The function(s) of this ancestral RNAi machinery is unknown. However, several considerations may provide a framework for hypotheses about its possible role(s). First, the ancestral RNAi function(s) very likely was not essential for life since the machinery appears to have been lost from a variety of taxonomically divergent eukaryotes, such as S. cerevisiae, T. cruzi, L. major, C. merolae, and P. falciparum (Table 1). The alternative explanation, that in these species an essential RNAi role(s) was compensated by another mechanism, would require the independent evolution of the latter multiple times. Moreover, in organisms that contain a single Dicer gene such as S. pombe and vertebrates, Dicer-null mutants are RNAi-defective but viable at the cellular level (Giraldez et al. 2005; Kanellopoulou et al. 2005; Martienssen et al. 2005; Murchison et al. 2005; Volpe et al. 2002). Though these mutants commonly show reactivation of transposons and/or repetitive sequences, deficient (hetero)chromatin formation, and/or abnormal chromosome segregation; and vertebrate germ cells fail to differentiate (Fukagawa et al. 2004; Kanellopoulou et al. 2005; Martienssen et al. 2005; Murchison et al. 2005). Second, if a particular function is now widely represented in all examined eukaryotic supergroups, the most parsimonious scenario would suggests that it was already operative in the last common ancestor of eukaryotes. Interestingly, two RNA-mediated processes appear to be widespread among living eukaryotes: the post-transcriptional degradation of cognate RNAs and the transcriptional repression of homologous DNA sequences (Table 2). Third, the existence of duplicated Argonaute-Piwi proteins in the last common ancestor of eukaryotes (Fig. 2) suggests some degree of functional diversification tracing back to the ancestral RNAi machinery (since completely redundant genes are unlikely to be evolutionarily conserved; Ohno 1970; Force et al. 1999; Lynch and Conery 2000; Moore and Purugganan 2005; Presgraves 2004).

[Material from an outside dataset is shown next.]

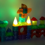 Gli elementi luminosi integrati trasformano ogni costruzione in uno spettacolo brillante e motivano i bambini a creare ancora di più, soprattutto al crepuscolo.
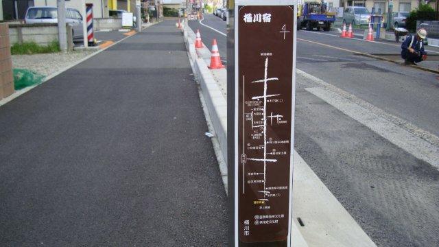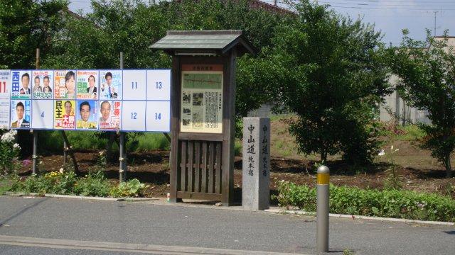 道路の両側には青々とした田んぼが広がり、稲が力強く伸びています。鴻巣から先には目立った史跡はありませんが、たまたま「吹上町指定文化財 史跡 一里塚」というペンキの薄れた木柱を見つけました。吹上町は2005年の平成町村大合併で鴻巣市に編入されましたが、宿場は置かれなかったものの、熊谷宿と鴻巣宿の間があまりにも遠距離であったために、中間地点の地の利を活かして「間の宿(あいのしゅく)」として賑わったのだそうです。

In present day eukaryotes both Argonaute-like proteins and Piwi-like proteins have been implicated in a variety of RNAi-related phenomena and several subfamily members appear to have distinct functions (Grishok et al. 2001; Lee et al. 2003; Okamura et al. 2004). For instance, a Piwi-like protein, Twi1, is required for the conjugation-induced accumulation of small RNAs involved in programmed DNA elimination in T. thermophila (Lee and Collins 2006; Liu et al. 2004b). The D. melanogaster Piwi-like genes Aubergine and Piwi have been implicated in both transcriptional, partly associated with histone H3 lysine 9 (H3K9) methylation, and post-transcriptional gene silencing (Aravin et al. 2004; Kavi et al. 2005; Pal-Bhadra et al. 2004). Members of the Argonaute-like class of proteins have been identified as key components of the RISC (Hammond et al. 2001; Rivas et al. 2005; Zamore and Haley 2005). In humans, hAgo2 was shown to be responsible for target RNA cleavage whereas other Argonaute subfamily members (hAgo1, hAgo3, and hAgo4) can associate with both siRNAs and miRNAs but do not mediate cleavage (Liu et al. 2004a; Meister et al. 2004; Rivas et al. 2005). In D. melanogaster, both Ago2 and Ago1 have slicer functions but Ago2 is predominantly involved in siRNA-directed target RNA cleavage whereas Ago1 is necessary for miRNA-directed target RNA cleavage (Miyoshi et al. 2005; Okamura et al. 2004). In plants, specific members of the Argonaute subfamily also show distinct activities. Arabidopsis Ago4 has been implicated in DNA and histone methylation whereas Ago1 is an RNA slicer and much more pleotropic in its functions (Baumberger and Baulcombe 2005; Matzke and Birchler 2005; Qi et al. 2005; Zilberman et al. 2003). Interestingly, in organisms that encode a single Ago-Piwi protein, such as S. pombe and T. brucei, its mutation results in defects in both transcriptional and post-transcriptional silencing (Shi et al. 2004; Sigova et al. 2004).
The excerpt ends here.